208 Data Analysis

knitr::opts_chunk$set(fig.height=3)

## Do not delete this!
## It loads the s20x library for you. If you delete it 
## your document may not compile
library(s20x)
## From now on we also need the emmeans library:
library(emmeans)

Question 1

A researcher was interested in comparing e-mail habits of adults, depending on their marital status. They collected a random sample of data from the U.S. General Social Surveys.

The data is stored is email.csv and contains the following variables:

Variable | Description -----------|-------------------------------------------------------------------------- email | The number of e-mails a person sent in the last 24 hours (day) recorded at the time of the survey. marital | The persons current marital status (Married , Divorced or Never).

Instructions:

Comment on the plot,table and summary statistics of the data.
Fit an appropriate GLM to model the number of emails sent. Consider all possible pairwise comparisons of marital status. Generate confidence interval output for this model. See the note below.
Write appropriate Methods and Assumption Checks.
Write an appropriate Executive Summary.

Note: ANOVA tests for GLMs:

For regular GLM models, use the command: anova(fit, test = "Chisq") However, for quasi GLM models, use the command: anova(fit, test = "F")

Questions of Interest

It was of interest to compare e-mail habits of adults, depending on their marital status.

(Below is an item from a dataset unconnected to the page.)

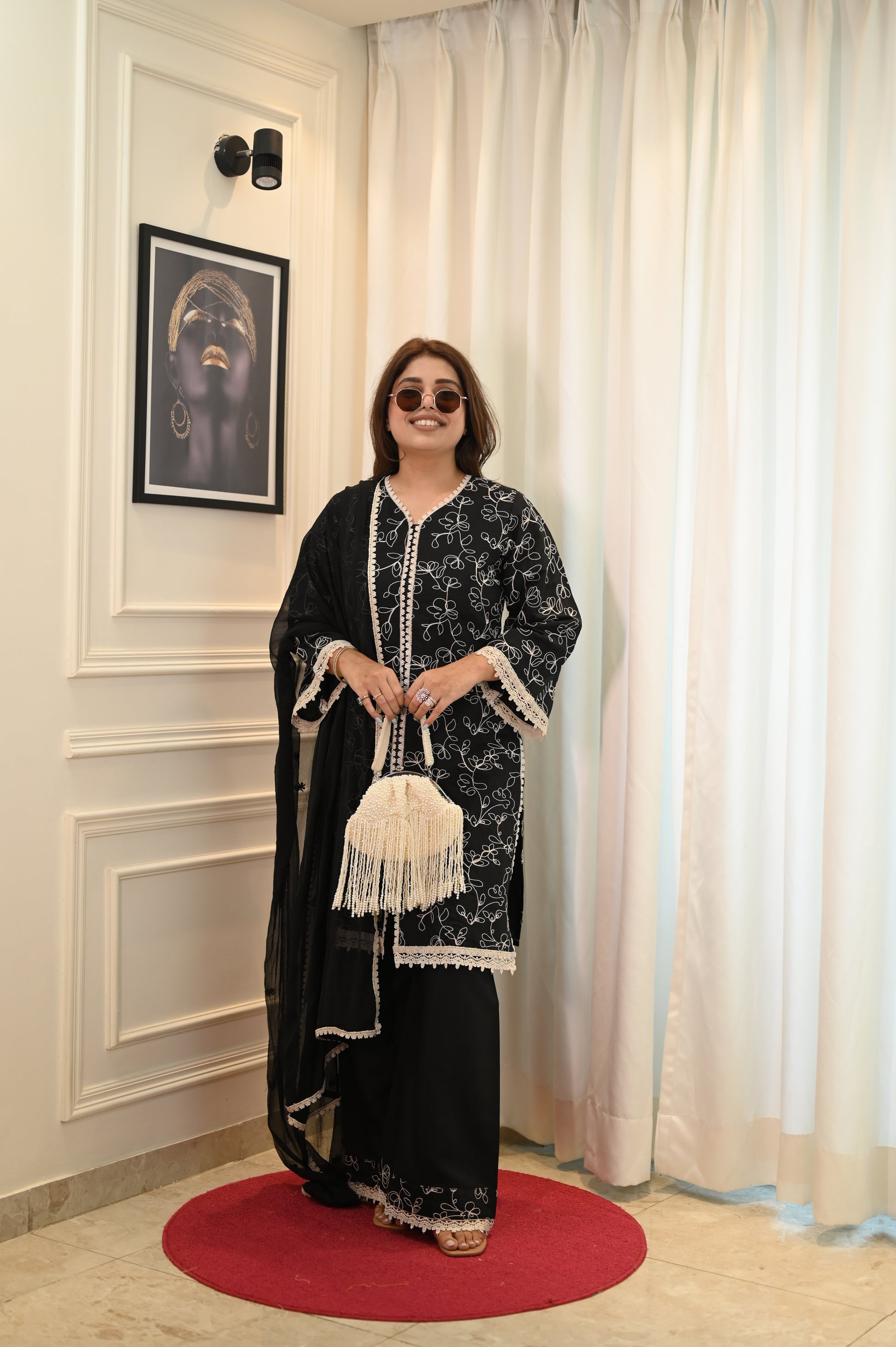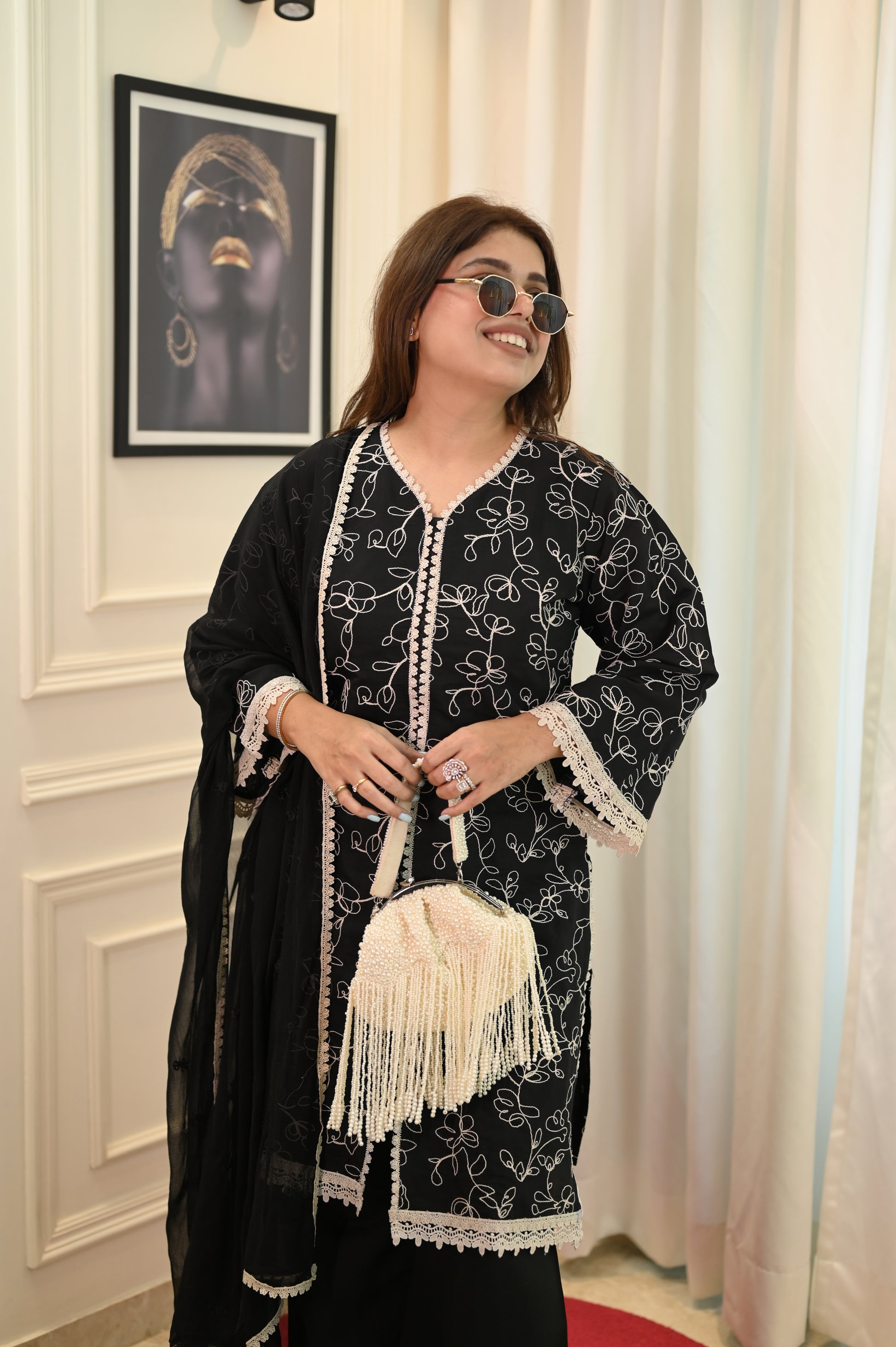 Exclusive Black Embroidered 3-Piece Lawn Suit | Sizes M to XXL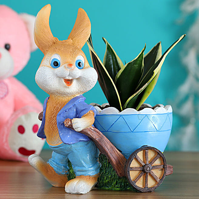 Milt Sansevieria Plant In Blue Shirt Rabbit Cart

Read in and inspect the data:

load(system.file("extdata", "email.df.rda", package = "s20x"))

email.df = read.csv("email.csv",stringsAsFactors = TRUE)
with(email.df, table(email))  
boxplot(email~marital,horizontal=TRUE,data=email.df)
summaryStats(email~marital,data=email.df)

with(email.df, table(email))  
boxplot(email~marital,horizontal=TRUE,data=email.df)
summaryStats(email~marital,data=email.df)

Comment on plot(s) and/or summary statistics

It is difficult to see any difference between the three groups due to the amount of background variation. Most people tend to send 0, 1 or 2 e-mails per day, so all three groups have medians of 2. But all three groups have long upper tails. For the divorced group, the upper tail is slightly longer. The mean is highest in the divorced group and lowest in the married group.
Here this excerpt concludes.